Gerade die M7 von samsung mit 500 GB soll recht flott sein.Ich selbst habe hier 4 m6 von samsung (je 500 GB) im raid 5 in meinem htpc verbaut und höre fast nix.Dabei verwende ich ein recht "hellhöriges" silverstone desktop-gehäuse und keinerlei geräuschdämmung.Die festplatten machen sogar noch weniger laut als meine lüfter und die höre ich auf 3m distanz schon kaum.


----------



## F0rest (8. Januar 2010)

@TurricanVeteran: naja aber da is der preis nochmal um >50% hoher für gleiche kapazität. und etwas langsamer als die hd502hi wenn ich auf die daten bei chip so schaue. aber scheins wirklich sogar noch n stück leiser als die wohl schon leiseste aktuelle 3,5" platte hd502hi. aber n bissl mehr performance darfs bei mir schon sein. vielleicht machts für deinen htpc sinn da du da nicht soviel platz hast, aber davon hab ich ja im gehäuse genug.

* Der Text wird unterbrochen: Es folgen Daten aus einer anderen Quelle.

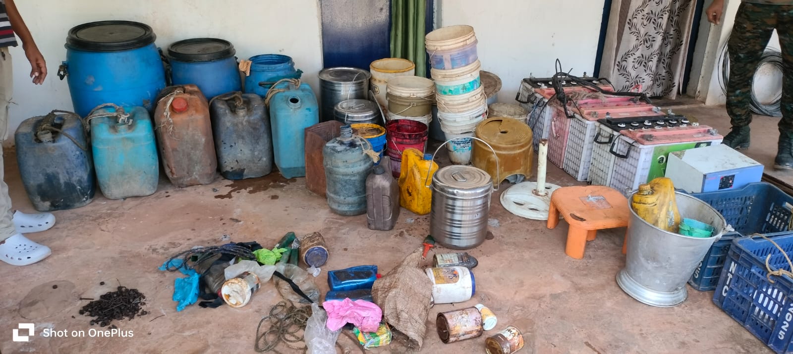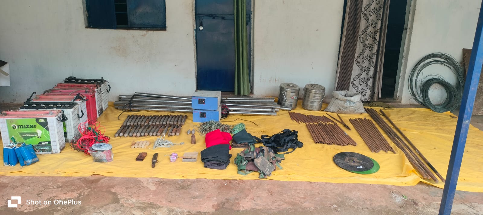 पुलिस अधिकारियों ने बताया कि बरामद सामग्री में गन पाउडर, बीजीएल राउंड, आरडीएक्स, इलेक्ट्रिक व नॉन-इलेक्ट्रिक डेटोनेटर, इम्प्रोवाइज्ड तीर बम, ग्रेनेड, आयरन रॉड, कटर, स्टील पाइप, बैटरी, सोलर इन्वर्टर, तार, कॉम्बैट ड्रेस, माओवादी वर्दी व अन्य उपकरण शामिल हैं।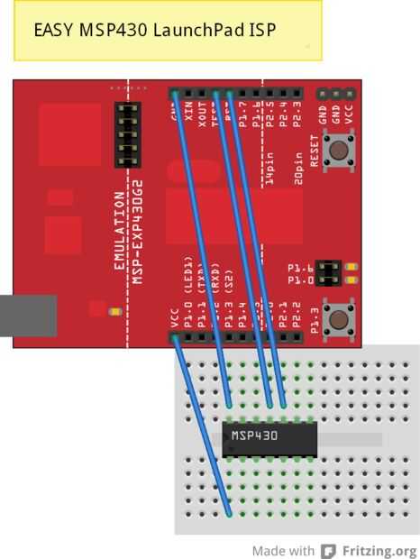 en el ejemplo utilizo MSP430G2231, pero usted puede reemplazar con cualquier 430 familias chip, si 14pins o 20pins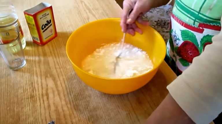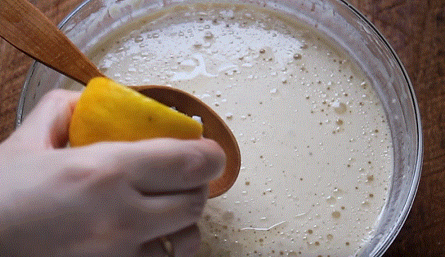 6. В ложку с содой добавляем лимонный сок для гашения.

@all: ich tendier im moment dazu die hd103sj mit scythe quiet drive zu nehmen und letztere dann noch irgendwie mit fahrradschlauch/gummi oder irgendwas im gehäuse aufzuhengen oder auf dem boden in einen zugeschnittenen riesenschwamm zu legen. ich hoff die platte wird nicht meine lauteste komponente im system. vor allem bei zugriffen.


----------



## Maggats (9. Januar 2010)

ich hab die Samsung Ecogreen F2 HD154UI, die platte ist sehr leise. ich behaupte mal das die 0,2/0,3 sone von pcgh hinkommen.die von dir angesprochene WD5000AACS habe ich auch vorher im pc gehabt (wird nun als externe verwendet). die WD ist auf jedenfall lauter als die F2. ich muß allerdings auch dazu sagen das meine platten alle in einer entkoppelten ichbinleise box betrieben werden....trotzdem ist die F2 eine kaufempfehlung was die lautstärke angeht.


----------



## F0rest (9. Januar 2010)

die wd5000aacs war ja damals n riesen flopp. wie konnte die damals von pcgh als testsieger und leiseste platte hervorgehen. oder ich hab irgend ne vermurkste platte bekommen. die zugriffsgeräusche sind jedenfalls echt heftig.
ich werd jetzt wohl die hd103sj und hd502hi bei mindfactory bestellen. auf beiden irgendwas anstrengendes drüber laufen lassen und mich dann entscheiden. zum test bauch ich vielleicht beide jeweils auch noch in nen sharkoon vibe-fixer und scythe quiet drive ein. falls die hd103sj leise genug ist behalt ich die.


----------



## Bruce112 (11. Januar 2010)

hab den samsung spinpoint F3 SJ 

manchmal kommen so, ob ne kugellager kaputt wäre solche geräusche 

ist da normal hatte vor 1 monat gekauft 

daher wollte ich mal direkt die frage hier rein stellen


----------



## UnnerveD (12. Januar 2010)

@Topic 

Also ich habe die Spinpoint F3 in einem Quiet Drive verpackt, von der Platte selbst ist so gut wie gar nichts mehr zu hören (als WaKüBesitzer mit 750U/min Silent Wings erlaube ich mir zu sagen, dass sie aus 40cm auf Ohrhöhe, bei geöffnetem Gehäuse gerade noch so zu hören ist).
Beim Hochfahren vernimmt man kurzzeitig einen leichten "Pfeifton", wenn der Platter anfängt zu rotieren.
Einzige "Lärmquelle" - sofern man das so bezeichnen kann - sind winzige Vibrationen, die das Quiet Drive (mitgelieferte Schrauben zur Befestigung verwendet) nicht abfangen kann.
In der Kombination ist die Festplatte die leiseste, die ich jemals verbaut habe (und die schnellste zudem auch). Da ich derzeit aber ein bisschen Geld über habe (und ich es sehr, sehr, sehr leise haben will), kommt mir aber dennoch eine SSD ins Haus.

@ Bruce112

Wie genau äußern sich die Geräusche? Ich hab am Wochenende mal für eine halbe Stunde eine Art Kratzen vernommen (Sektorencheck war unauffällig - läuft wieder normal). Sollte es nicht permanent auftreten und der Sektorenscan unauffälig sein, würde ich mir vorerst keine Sorgen machen.

mfG


----------



## Dr.House (12. Januar 2010)

Hab auch ne F3 Samsung und die ist auch ohne Dämmung fast lautlos.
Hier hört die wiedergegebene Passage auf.